Au matin du 28 juin 2009, le Honduras se réveilla avec l’espoir de pouvoir exercer son droit légitime de décider de son futur, mais c’est quelque chose que ni l’oligarchie nationale, ni les militaires - les deux étant soumis aux secteurs les plus conservateurs de la politique des Etats-Unis - ne pouvaient permettre. En effet, le président d’alors, Manuel Zelaya avait « osé » organiser une consultation populaire pour que la population décide si on pouvait mettre une 4ième urne aux prochaines élections en vue de réformes constitutionnelles. Ce fut suffisant pour qu’à l’aube du 28 juin un fort contingent militaire donne l’assaut à sa maison, le sorte en pyjama, le déporte au Costa Rica après une escale à la base militaire des Etats-Unis de Palmarola.
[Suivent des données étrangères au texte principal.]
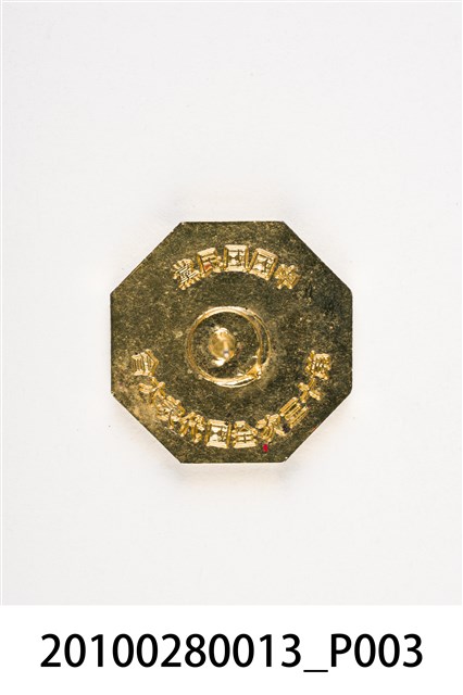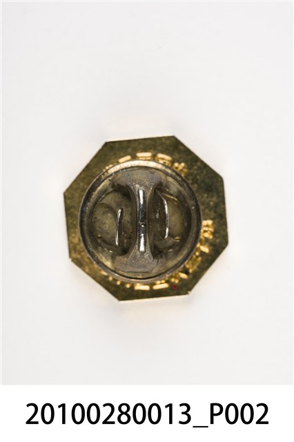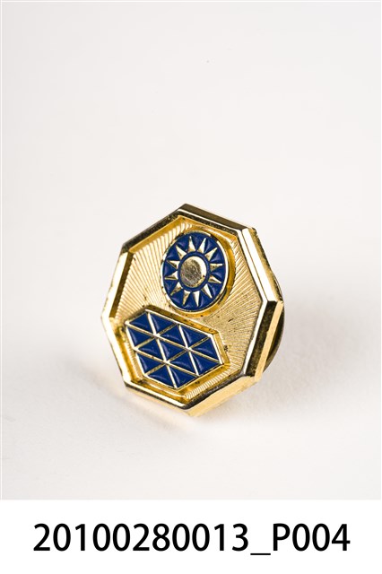 此物件為紀念章,形式為八邊形胸針,內有中國國民黨黨徽以及鑽石形圖樣。此為劉樹森所有之中國國民黨第十三次全國代表大會紀念章 本物件的持有人為劉樹森(1913-2008),為臺南市的第六屆議員,他出生於河南省信陽縣,畢業於河南開封甲等工專,後投筆從戎加入軍隊,並先後擔任陸軍少將師長、河南省信陽縣長暨成防司令,另也曾擔任團主任支隊司令、團主任團長、代理縣長。劉樹森來臺後定居於臺南,並擔任國民黨臺南市黨部第二組長,女兒為曾經擔任成功大學外文系主任的劉開鈴。 中國國民黨在臺灣之統治,始於二戰後的接收時期。1945年日本於太平洋戰爭中戰敗投降,國民政府設置臺灣省行政長官公署負責臺灣的接收事務,並透過「三民主義青年團」、「國民黨臺灣省執行委員會」、「國民黨臺灣省黨部」等機構穩固社會各方面的統治基礎。1950年代,中國國民黨施行多次黨務改造,透過黨員大會、各級黨員代表大會,以及黨內各級委員會之層層建置,使其動員機制深入地方社會。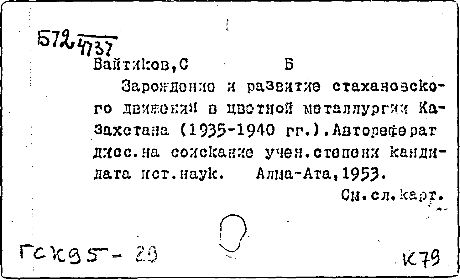 Зарождение и развитие стахановского движения в цветной металлургии Казахстана (1935-1940 гг.)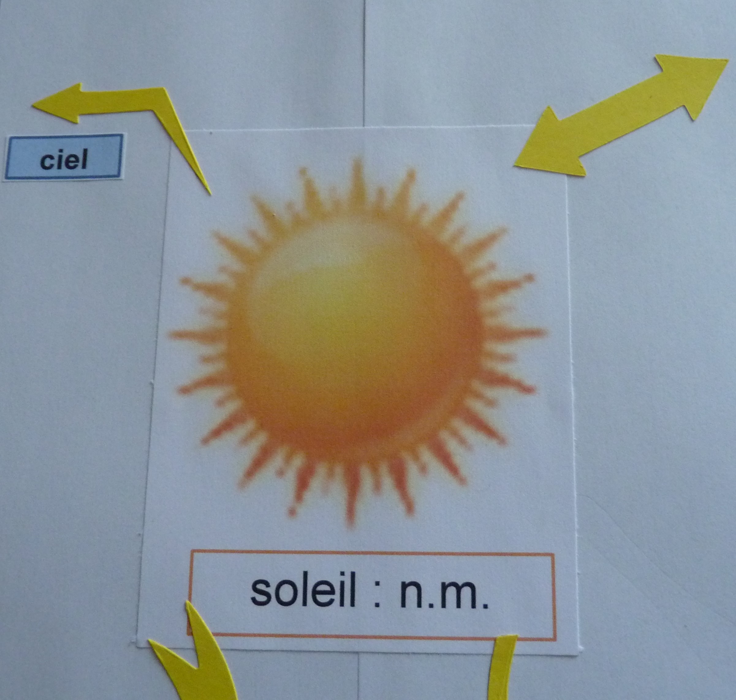 Il ne me reste plus qu’à faire découvrir cette affiche à Léo, d’en discuter, de lui faire trouver des phrases qui utilisent ces mots … puis nous y reviendrons quelques jours après (devinettes ….) et pourquoi pas chercher aussi comment ce mot « soleil » se dit et s’écrit dans d’autres langues …..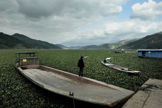 2012年1月31日,闽江古田县水口镇湾口村被水葫芦侵蚀的江段,一位村民站在船上眺望如同草原江面。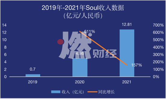 2021年,Soul全年营收为12.81亿元(人民币,以下未标注则同),较2020年同比增幅为157%。然而,看似已超150%的增幅,与2020年同比超600%的营收增幅相比,已是天壤之别。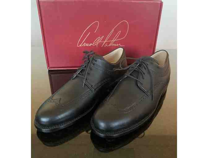 Dress up your step with these handcrafted, black wingtip Arnold Palmer golf shoes. Mens size 10 B (narrow).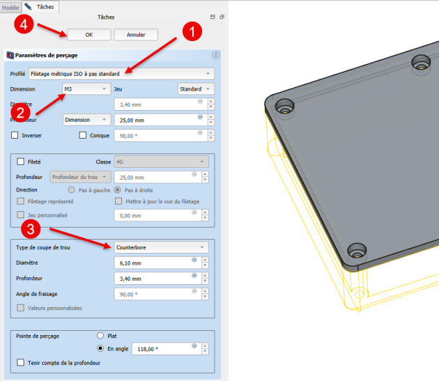 Appliquer la fonction paramétrique Perçage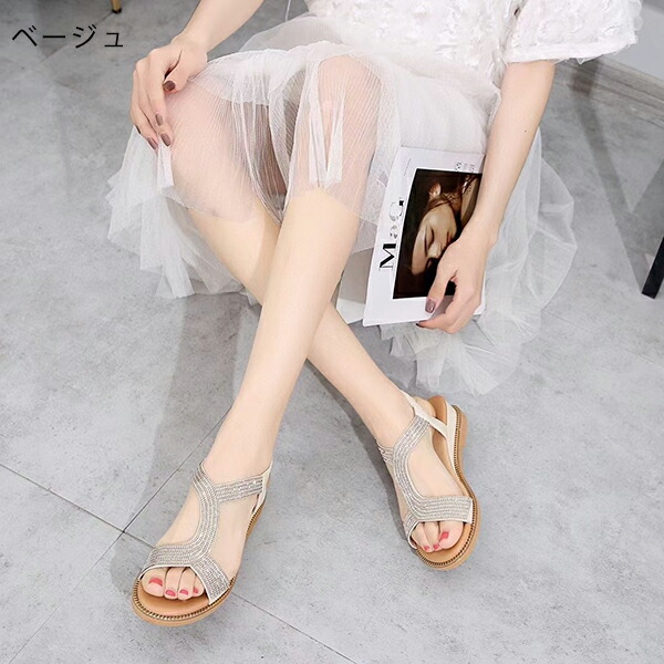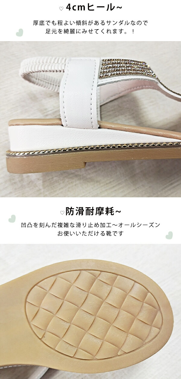 \10日限定10%OFFクーポン+P5倍/サンダル 歩きやすい レディース 厚底サンダル 4cmヒール 楽ちん煌めきサンダル ビジューサンダル ビーチサンダル ローヒール 細ストラップ 痛く フラット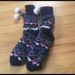 Warm, comfortable slipper socks with slip resistant bottoms. Cute pattern and pompoms!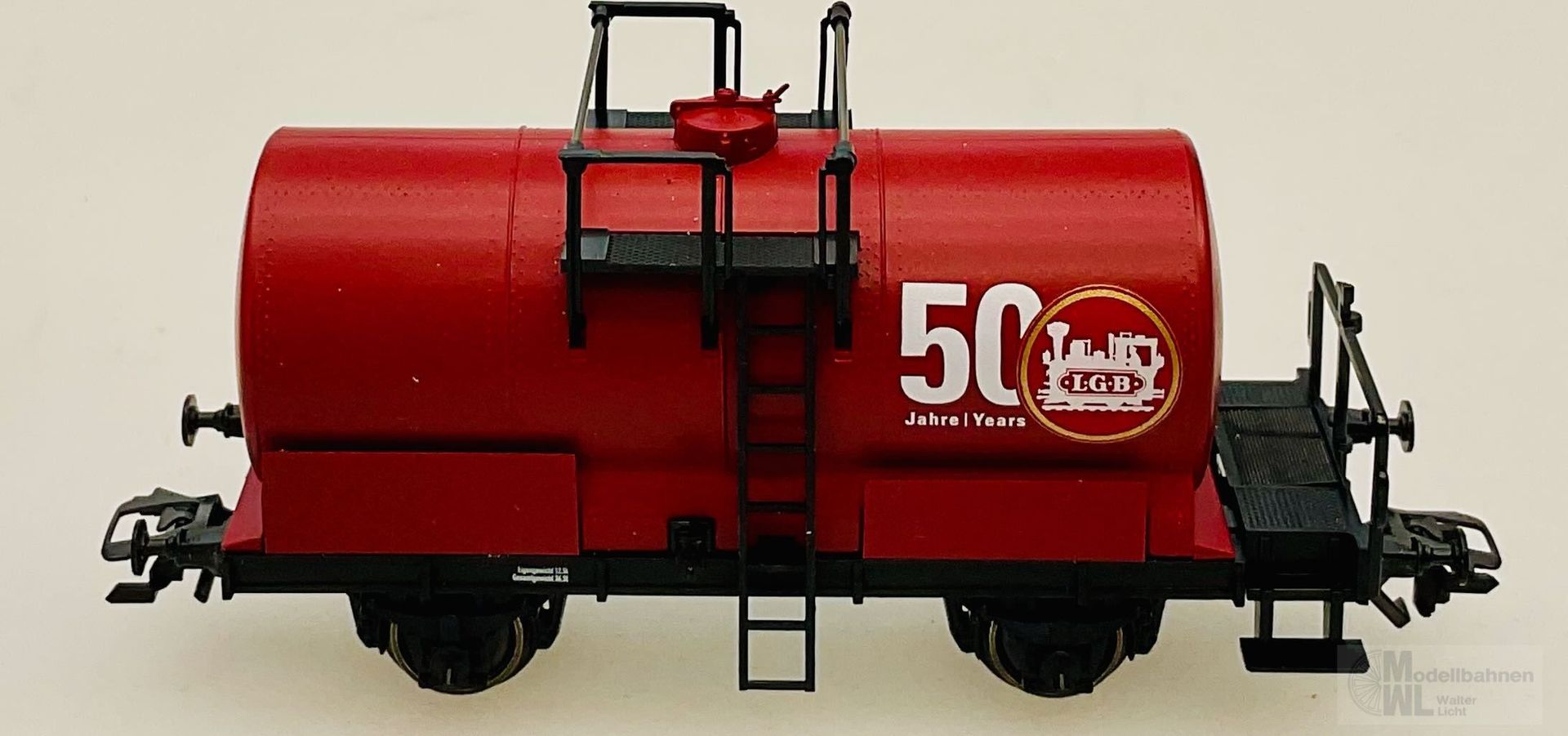 Modell: Dieses Modell erscheint zu Ehren des Jubiläums 50 Jahre LGB und zeigt die Verbundenheit der Marke Märklin mit LGB. Eine Seite des Löschwagens zeigt das Logo des 50-jährigen Jubiläums. Die andere Seite zeigt vorbildgerecht das Original des HSB-Wagens. Mit Bremserbühne. Gesamtlänge über Puffer 10,2 cm.

La rupture de l’ordre constitutionnel ne fut pas seulement le début d’une crise institutionnelle profonde qui n’a toujours pas été surmontée et qui a abouti à un approfondissement des politiques néolibérales de saccages des biens communs, a rendu impossible quelconque alliance internationale un peu progressiste et a réprimé les mouvements syndicaux et populaires.

Une décade perdue

Le Honduras s’est converti en laboratoire de futurs « coups d’Etat institutionnels » et devint de nouveau la tête de pont des intérêts géopolitiques et militaires des Etats-Unis dans la région centraméricaine. Le processus de militarisation du territoire et de la sécurité publique, impulsé par les gouvernements héritiers du coup d’Etat, accompagne le contrôle absolu des pouvoirs de l’Etat, la répression et l’approfondissement de la criminalisation des protestations. La crise des droits humains et la recrudescence de la corruption, la violence et l’impunité ont laissé un bilan sans précédent de morts, de blessés, de prisonniers et d’exilés.

Résistance populaire

Malgré une telle répression, le peuple hondurien a eu la fermeté et l’obstination de poursuivre la lutte contre l’imposition d’un modèle concentrant le pouvoir et la richesse entre quelques mains et appauvrissant l’immense majorité de la population. 10 années après ces tragiques évènements, il continue à descendre dans les rues et à lutter contre les privatisations, la précarisation du travail, le saccage des territoires et des biens communs. Il exige la fin d’un pouvoir illégal, résultat d’une fraude électorale et il résiste à la répression.10 années après le coup d’Etat, le Honduras est exsangue et vit un processus accéléré de perte des droits et de violation des droits humains. L’impunité est absolue et la militarisation du pays est financée par la dette publique. Le régime a l’appui politique et militaire du gouvernement des Etats-Unis. Le dirigent syndicaliste Carlos H. Reyes dit : « Nous vivons un processus historique où les Etats-Unis ont repositionné le Honduras comme gendarme de l’espace centraméricain. C’est une honte de voir comment ils ont avalisé la fraude électorale de 2017 et comment ils continuent à soutenir cette dictature corrompue. Devant la brutale répression des derniers jours et la criminalisation du mouvement en défense de la santé et de l’éducation publique, le futur du Honduras est très incertain… »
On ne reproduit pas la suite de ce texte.